MATERIAL PROVIDED:
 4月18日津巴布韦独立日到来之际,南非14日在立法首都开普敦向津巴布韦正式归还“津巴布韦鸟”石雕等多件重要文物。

--

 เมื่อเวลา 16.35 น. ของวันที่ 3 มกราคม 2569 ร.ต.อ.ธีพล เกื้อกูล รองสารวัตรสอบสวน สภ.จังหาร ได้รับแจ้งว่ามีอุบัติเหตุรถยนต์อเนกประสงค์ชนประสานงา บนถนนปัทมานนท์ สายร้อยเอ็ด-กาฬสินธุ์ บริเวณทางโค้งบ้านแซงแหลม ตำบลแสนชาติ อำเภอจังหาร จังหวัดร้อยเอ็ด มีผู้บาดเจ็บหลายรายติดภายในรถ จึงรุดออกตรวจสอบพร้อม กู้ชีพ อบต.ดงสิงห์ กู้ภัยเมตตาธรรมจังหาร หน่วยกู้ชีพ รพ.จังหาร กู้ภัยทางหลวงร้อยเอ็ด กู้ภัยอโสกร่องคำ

...

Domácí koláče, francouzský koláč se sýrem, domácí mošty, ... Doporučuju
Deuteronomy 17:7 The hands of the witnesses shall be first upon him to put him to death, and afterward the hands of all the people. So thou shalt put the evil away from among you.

AIM OF THE TASK:
Everything starting at the line containing "Domácí koláče, francouzský" and ending at the line containing "Deuteronomy 17:7 The" in the records above should be repeated exactly, and only that.

REPLY TO THE EXERCISE:
Domácí koláče, francouzský koláč se sýrem, domácí mošty, ... Doporučuju
Deuteronomy 17:7 The hands of the witnesses shall be first upon him to put him to death, and afterward the hands of all the people. So thou shalt put the evil away from among you.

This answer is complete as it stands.